# Dudas con particiones /var/tmp /tmp /usr/portage(SOLUCIONADO

## kropotkin

Hola, en este momento estoy apunto de cambiar todo el esquema de mis particiones,

actualmente tengo todo el sistema en una sola partición reiserfs.

tengo ganas de dejar el sistema con ext3, pero lo que son archivos temporales y portage en otra partición, ya que tanta lectura escritura, sobretodo al compilar algo no me agrada mucho.

pero tengo las siguientes dudas.

1º, existen problemas si dirijo /tmp y /var/tmp a la misma partición??

Me explico crear una particion para /tmp y que /var/tmp sea solo un link a /tmp

2º para la partición de /usr/portage cuanto espacio creen que sea necesario, ya que se descarga los distifles, además de tener todos los ebuilds, estaba pensando en unos 5 a 6 gigas, pero no se si sera mucho o muy poco, actualmente tengo solo 300 megas, ya que hace poco vacié todo lo que eran los distfiles.
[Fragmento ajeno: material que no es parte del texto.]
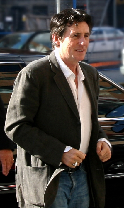 Gabriel Byrne at the 2007 Toronto International Film Festival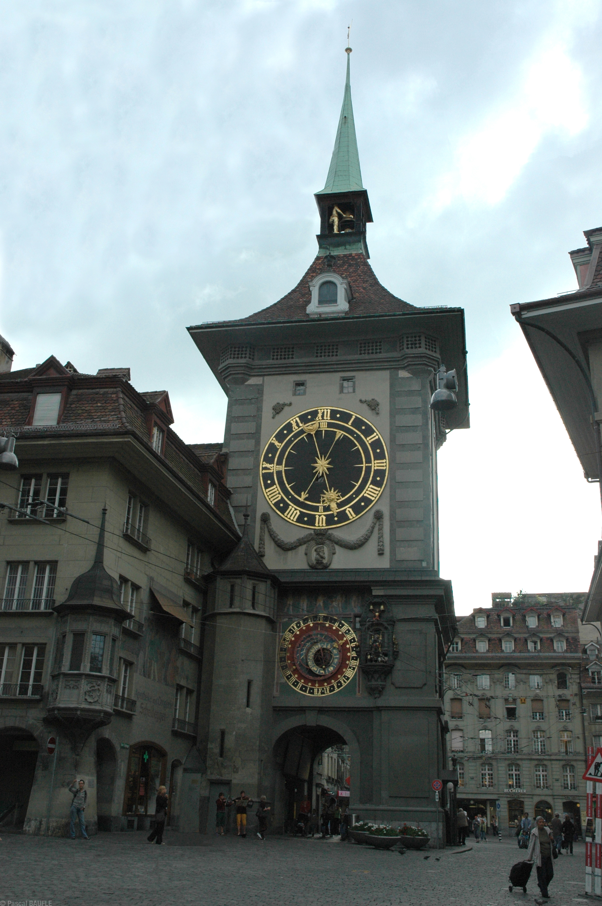 La Tour de l'Horloge à Berne "Zeitglockenturm" en allemand ou "Zytglogge" en Bernertütsch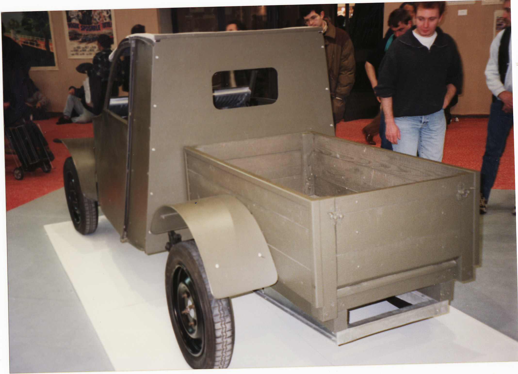 The first Prototype Citroen 2CV, c.1936, with Water cooling!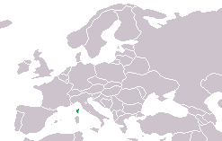 Distribution of Salamandra_corsica, based on Nöllert/Nöllert: "Die Amphibien Europas"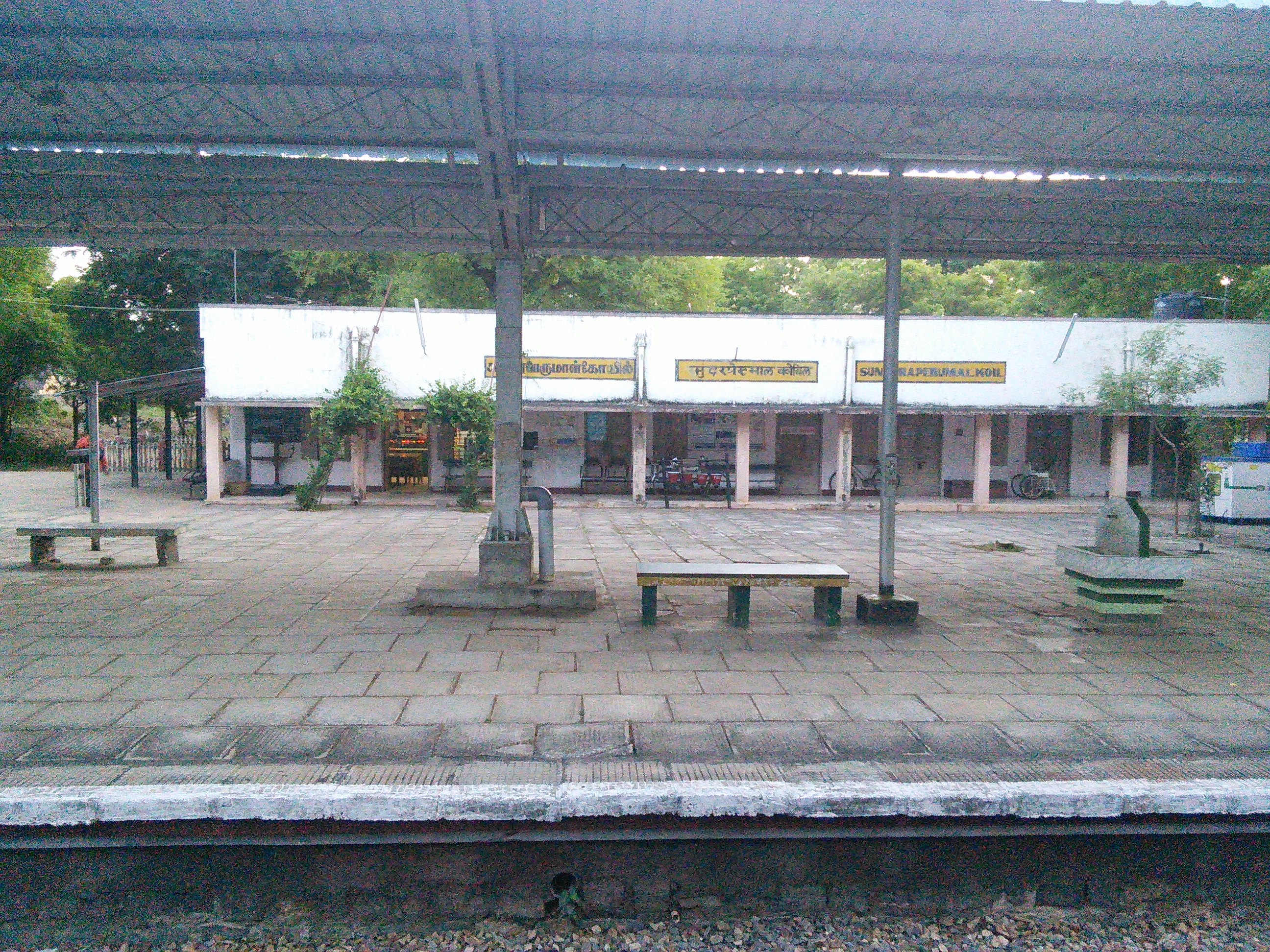 Photograph of the railway station at Sundara Perumal Koil village near Kumbakonam, Thanjavur district.

que tipo de particiones recomendarían para tmp y usr/portage?

Saludos.

----------

## Inodoro_Pereyra

 *Quote:*   

> tengo ganas de dejar el sistema con ext3, pero lo que son archivos temporales y portage en otra partición, ya que tanta lectura escritura, sobretodo al compilar algo no me agrada mucho.

 

Eso no lo vas a solucionar moviendo a otra partición, si no agregando mas ram a tu pc o cambiando el valor de swapiness (en el caso de que estés tirando mas al disco que a la ram)

 *Quote:*   

> 1º, existen problemas si dirijo /tmp y /var/tmp a la misma partición??

 

Calculo que no... Habría que probar pero como a /tmp van a parar los archivos temporales de aplicaciones unicamente...

 *Quote:*   

> 2º para la partición de /usr/portage cuanto espacio creen que sea necesario, ya que se descarga los distifles, además de tener todos los ebuilds, estaba pensando en unos 5 a 6 gigas, pero no se si sera mucho o muy poco, actualmente tengo solo 300 megas, ya que hace poco vacié todo lo que eran los distfiles.

 

Eso dependerá de cuanto quieras guardar en el disco en lo que hace a distfiles. Puede llegar a ocupar mucho si no lo borrás nunca y en el peor de los casos, quedarse sin espacio, nada que no se solucione borrando... Como mucho yo le pondría 4Gb.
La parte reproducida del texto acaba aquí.